Many people find that they can identify particular areas of vulnerability. It might be something like contact with an unsympathetic family member or not being able to say "no" to demands. Whatever the vulnerability, it reliably and predictably creates a relapse.


Keeping Records
: Having a health log can help reduce relapses in two ways. First, records can help you to define your energy envelope so that you have a more detailed understanding of your limits.

Logging can enable you to answer questions like: how many hours a day can I be active without intensifying my symptoms? how much sleep do I need? how consistently do I stay within my limits? what are the effects of stressful events? what are my areas of special vulnerability (for example, emotionally-charged events, particular foods, standing up for extended periods)?

Second, records can serve as a source of motivation. Graphic representation of records can offer a powerful visual reinforcement of your successes.


Having a Daily Routine: Living your life in a planned and predictable way can help reduce relapses. Routine is less stressful than novelty. Also, having a predictable life increases your chances for living within your limits. If you can lead a consistent life, you are much more likely to gain some control over your relapses and to have fewer surprises demanding your energy.

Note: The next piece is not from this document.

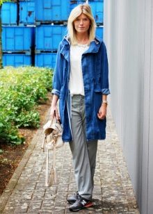 With a blue parka, skinny pants in gray shades or jeans look great. Upstairs you can wear a loose-fitting sweater. As shoes for fall and spring, we recommend boots and low shoes without heels, oxfords or brogues made of natural materials. With glamorous parkas, tight-fitting turtlenecks and heeled ankle boots look good.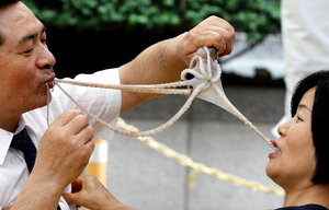 Models present creations from PINGHE by Chinese designer He Ping during London Fashion Week Spring/Summer 2014, at the Fashion Scout venue in London, on Sept 13, 2013.[Photo/Xinhua] |

Having Detailed Rules: Some people have had success using very detailed and individualized rules they created for themselves. For example, one person developed three rules for herself: no driving beyond 12 miles from home, no more than three trips outside the house per week, and no talking on the phone for periods longer than 20 minutes.

Having these rules helped her keep a focus on long-term goals when she was tempted to act in the moment. A variant on this strategy is to write out a daily schedule.


Another similar strategy is to have a series of rules for specific circumstances. For example, one person noticed that he often returns to a normal activity level too soon after a cold or flu. He made a rule for himself of taking extra daily rest for at least a week after symptoms from the secondary illness had ended.

If you develop specific guidelines for yourself, you can simplify your illness management program into asking yourself two questions: what situation am I in right now? what is my rule for this situation?


Summary

Relapses are a seemingly inevitable part of chronic illness, but their causes can be understood, and their frequency and severity reduced through the use of self-help strategies.